The stretch wanted below opens at the line containing "민간인들에게 걸려서 정체가" and closes at the line containing "在2006年第二季度總營(y". Please return it exactly, with no other lines.

Records provided
========

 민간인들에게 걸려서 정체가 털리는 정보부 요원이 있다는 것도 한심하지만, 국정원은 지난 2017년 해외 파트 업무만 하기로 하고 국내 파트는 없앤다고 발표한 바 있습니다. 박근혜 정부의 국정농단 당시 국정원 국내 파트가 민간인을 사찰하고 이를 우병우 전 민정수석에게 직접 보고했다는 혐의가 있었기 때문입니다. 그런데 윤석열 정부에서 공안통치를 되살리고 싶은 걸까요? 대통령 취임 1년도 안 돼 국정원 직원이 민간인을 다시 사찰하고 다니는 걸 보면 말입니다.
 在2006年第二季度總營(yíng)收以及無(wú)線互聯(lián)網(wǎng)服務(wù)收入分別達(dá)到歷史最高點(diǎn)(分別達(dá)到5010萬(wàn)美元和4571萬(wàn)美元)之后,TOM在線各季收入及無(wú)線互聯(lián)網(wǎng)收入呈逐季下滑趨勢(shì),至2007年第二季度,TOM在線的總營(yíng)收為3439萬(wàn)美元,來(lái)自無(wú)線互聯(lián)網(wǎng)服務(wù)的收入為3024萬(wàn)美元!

========

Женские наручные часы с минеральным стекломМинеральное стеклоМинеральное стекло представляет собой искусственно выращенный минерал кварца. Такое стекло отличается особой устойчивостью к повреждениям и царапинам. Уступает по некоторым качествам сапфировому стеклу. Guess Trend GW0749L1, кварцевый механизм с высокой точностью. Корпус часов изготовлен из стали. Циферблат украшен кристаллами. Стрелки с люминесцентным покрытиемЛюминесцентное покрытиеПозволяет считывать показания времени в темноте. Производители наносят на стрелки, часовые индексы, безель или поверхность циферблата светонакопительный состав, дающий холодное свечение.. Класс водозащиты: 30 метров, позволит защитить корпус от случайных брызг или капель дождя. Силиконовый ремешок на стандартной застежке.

========

Result of this exercise
 민간인들에게 걸려서 정체가 털리는 정보부 요원이 있다는 것도 한심하지만, 국정원은 지난 2017년 해외 파트 업무만 하기로 하고 국내 파트는 없앤다고 발표한 바 있습니다. 박근혜 정부의 국정농단 당시 국정원 국내 파트가 민간인을 사찰하고 이를 우병우 전 민정수석에게 직접 보고했다는 혐의가 있었기 때문입니다. 그런데 윤석열 정부에서 공안통치를 되살리고 싶은 걸까요? 대통령 취임 1년도 안 돼 국정원 직원이 민간인을 다시 사찰하고 다니는 걸 보면 말입니다.
 在2006年第二季度總營(yíng)收以及無(wú)線互聯(lián)網(wǎng)服務(wù)收入分別達(dá)到歷史最高點(diǎn)(分別達(dá)到5010萬(wàn)美元和4571萬(wàn)美元)之后,TOM在線各季收入及無(wú)線互聯(lián)網(wǎng)收入呈逐季下滑趨勢(shì),至2007年第二季度,TOM在線的總營(yíng)收為3439萬(wàn)美元,來(lái)自無(wú)線互聯(lián)網(wǎng)服務(wù)的收入為3024萬(wàn)美元!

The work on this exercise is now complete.